Reuse-in-the-large and software diversity
If a reusable component is too large, many aspects of it will be irrelevant, or even counter-productive, for its users. This leads to objections like:
- When I'd use this component in my project, I'll be downloading way too much stuff that I'll never actually need.
- Considerable parts of this component don't work as I want them to, so maybe I should roll my own.
- This component is good today, since we're in the prototype phase, but probably in about a year, it will limit us.
In Glass's terms, we're talking about reuse-in-the-large, and he poses that:
Reuse-in-the-large (components) remains a mostly unsolved problem, even though everyone agrees it is important and desirable.

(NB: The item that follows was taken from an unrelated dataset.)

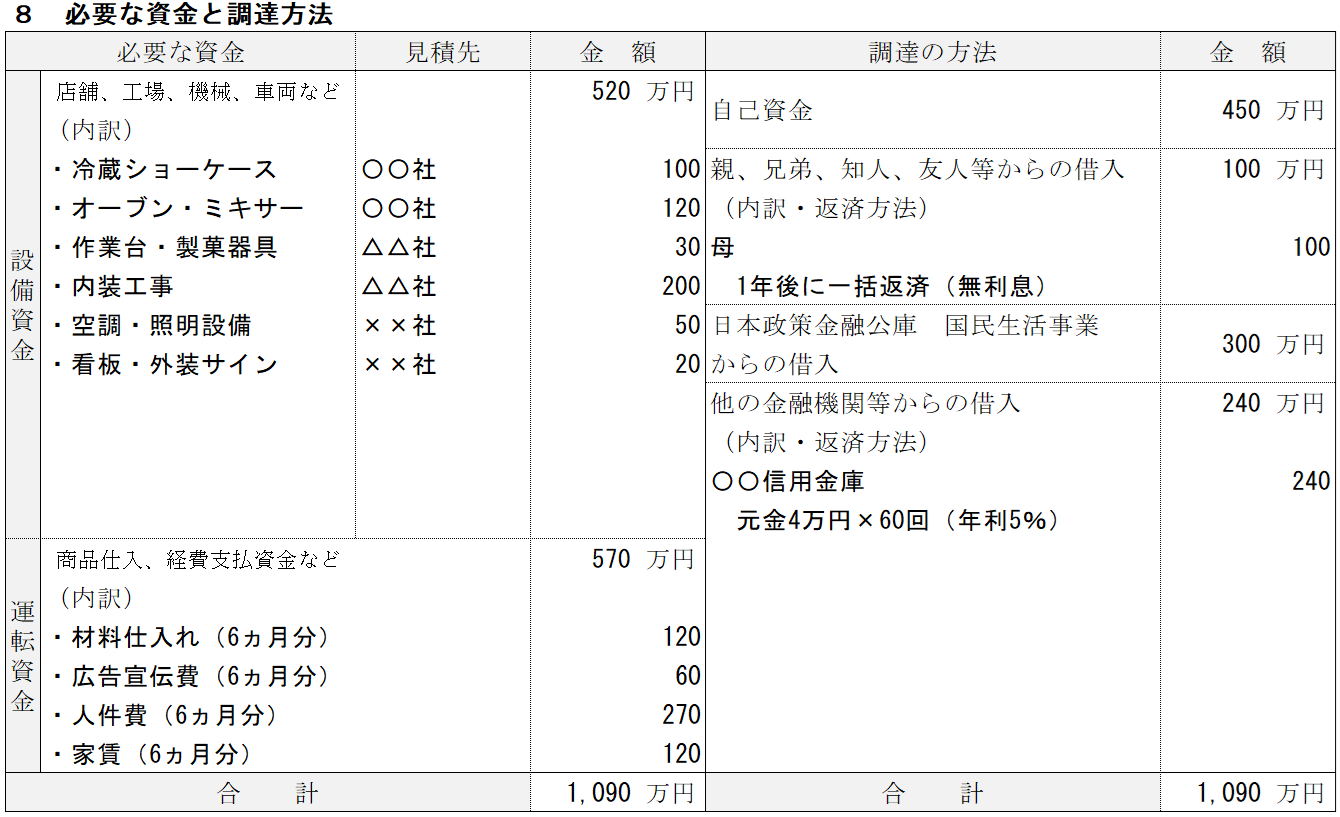ケーキ屋・スイーツ店の記入例⑧ 必要な資金と調達方法

Software projects in general are very diverse. Every project comes with its own requirements, its own domain experts, its own team, and everything about it is special (although some product owners would be better off not thinking that their project was so very special). Still, one might say, there should be some common ground. Some domain knowledge will be potentially reusable, like a
Money class, or a
DateTime class, right?
If there are enough common problems across projects and even application domains, then component-based approaches will eventually prevail. If, as many suspect, the diversity of applications and domains means that no two problems are very similar to one another, then only those common housekeeping functions and tasks are likely to be generalized, and they constitute only a small percentage of a typical program’s code.
Over the past few years we've had some excellent articles making the rounds, which prove the point that "no two problems are the same". I'd like to mention Ross Tuck's "Precision Through Imprecision: Improving Time Objects" and Mathias Verraes's "Type Safety and Money". In these articles, we learn by example how design decisions are based on domain knowledge, that different situations require different decisions, and that designs resulting from those decisions can't be useful in every other situation. Trying to use things like a
Money object in situations where they just don't belong, is very much like the saying: "trying to fit a round peg in a square hole".
In particular, reusing domain code will make us feel like we have to ignore or work around certain aspects of it. Which is why, instead of reusing this code from some shared location, we might be better off copying it instead. By copying the code and using it in a different situation, we can find out if the code really has potential for reuse. And it gets even better: it'll be easier to find the right abstractions, since we'll be able to clearly see what's essential to the thing we we're trying to reuse, once we see how it may serve other use cases.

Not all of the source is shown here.